Los campos y suelos agrícolas que no son maltratados por agricultura industrial, contienen carbono y pueden hasta cierto grado, absorber más. Son un factor fundamental para prevenir el cambio climático. Pero siendo ecosistemas vivos –como bosques, manglares y otros– si se rompe el equilibrio de suelos sanos con agrotóxicos, fertilizantes sintéticos y maquinarias, también emiten carbono. No existen formas exactas de medir los intercambios gaseosos en la tierra –ni en bosques y mares– y mucho menos la permanencia a largo plazo del carbono.
Con la crisis climática, una nueva frontera empresarial es la conquista de suelos y tierras agrícolas para usarlos como sumideros de dióxido de carbono. Es también otra forma de controlar a campesinos y agricultores y una amenaza a la soberanía alimentaria.

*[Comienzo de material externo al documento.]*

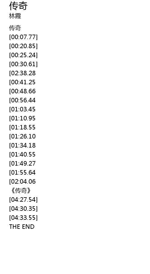 | [04:21.55] | 《传奇》 |
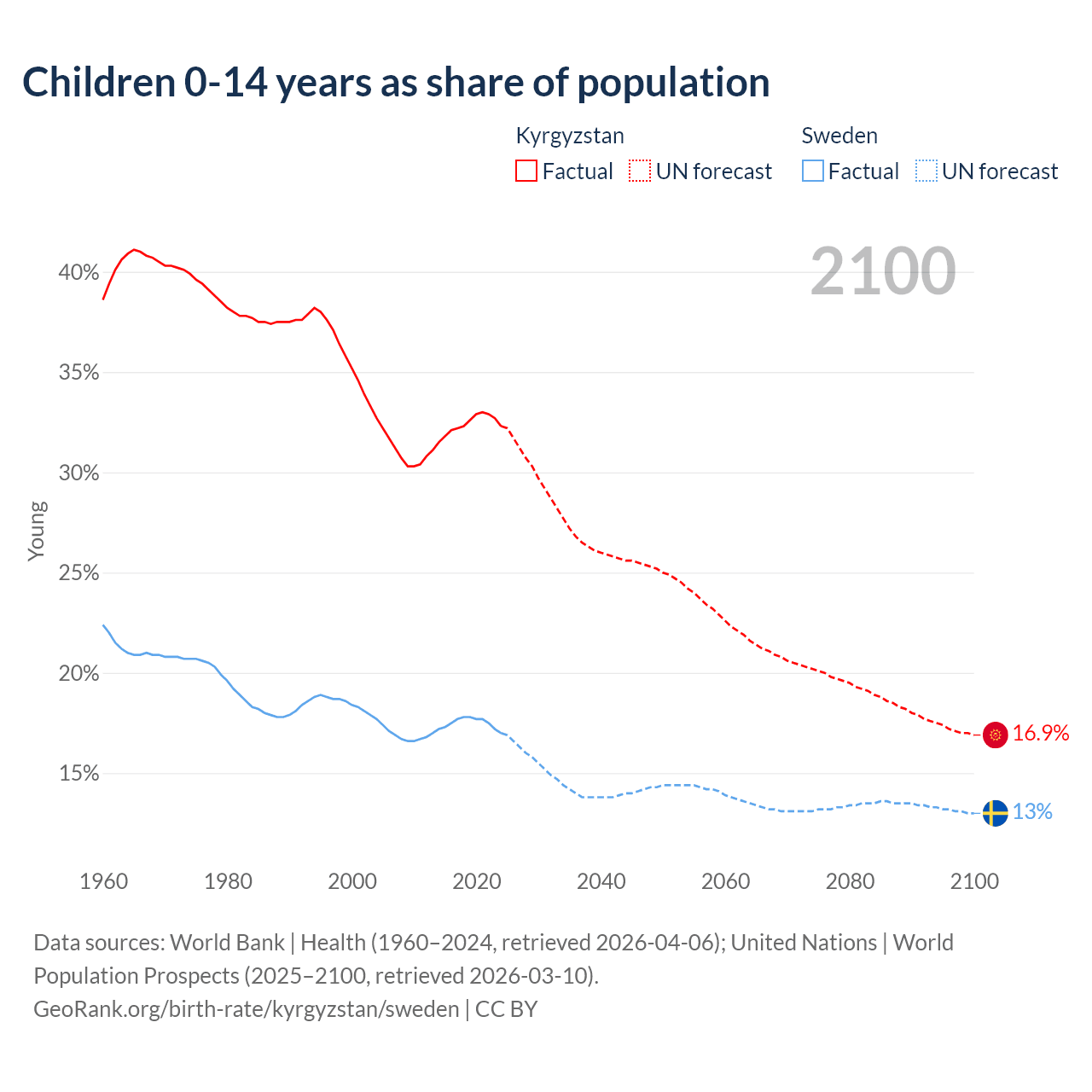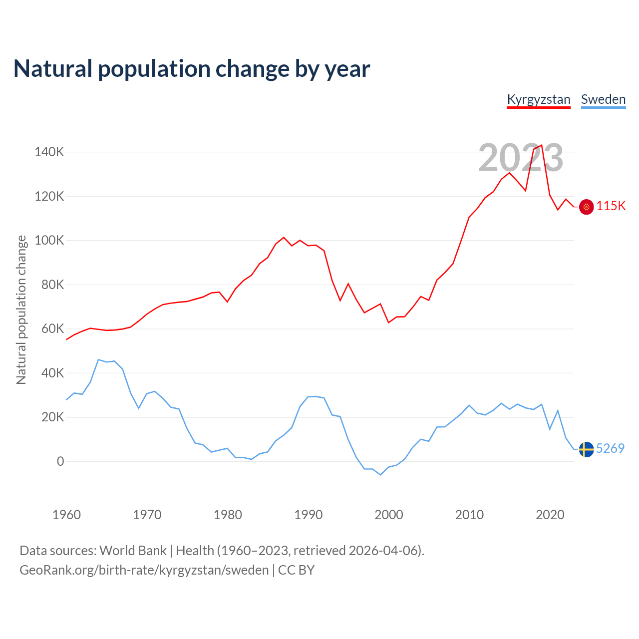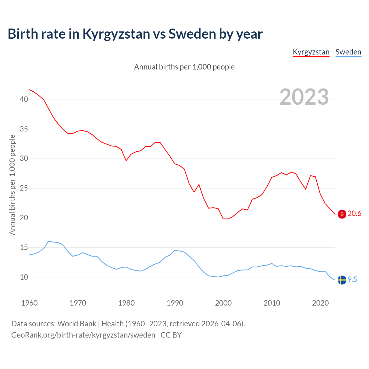 Kyrgyzstan has an annual birth rate of 20.6 births per 1,000 people, compared to 9.5 for Sweden. The average number of children a woman is expected to have during her lifetime — the fertility rate, is 2.7 in Kyrgyzstan and 1.45 in Sweden — 46.3% difference.
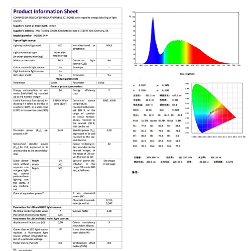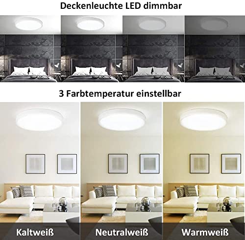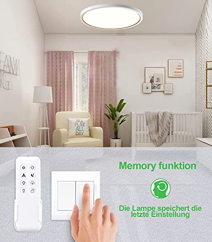 Anten Lampa Sufitowa LED, 24 W, Okrągła i Ultracienka, Ø 300 x 24 mm, 3000 K / 4000 K / 6000 K, Funkcja Ściemniania, z Pilotem Zdalnego Sterowania, do Przedpokoju, Salonu, Pokoju Dziecięcego, Kuchni, Biura lub Sypialni
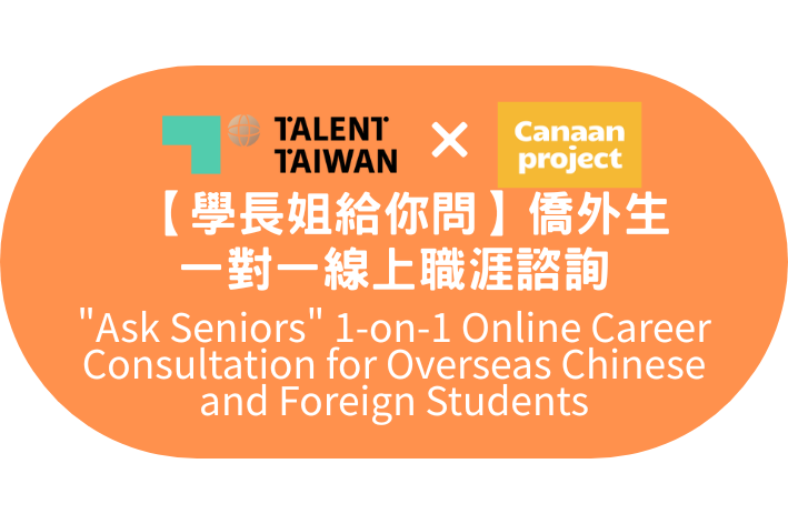 Talent Taiwan 攜手 Canaan Project 推出【學長姐給你問】僑外生專屬一對一線上職涯諮詢服務,邀請 6 位來自不同產業背景、在台工作的學長姐擔任 Mentor,免費提供經驗分享與職涯指引,協助你了解留台就業的實務面。諮詢內容包含 Talent Taiwan has partnered with the Canaan Project to launch the "Ask Seniors" program—an exclusive 1-on-1 online career consultation service for overseas Chinese and foreign students. We have invited 6 mentors from various industrial backgrounds working in Taiwan to share their experiences and provide career guidance for free, helping you understand the practical aspects of working in Taiwan. Consultation topics include:

Las mayores empresas globales en agricultura y alimentación han establecido programas para este fin, al que llaman agricultura de carbono. Por ejemplo las de semillas y agroquímicos como Bayer-Monsanto y Corteva, de fertilizantes como Yara y Nutrien, de maquinaria como John Deere incorporaron a sus plataformas digitales formas de enrolar e incluso pagar a agricultores, para que hagan cambios que puedan ser clasificados como agricultura que secuestra carbono.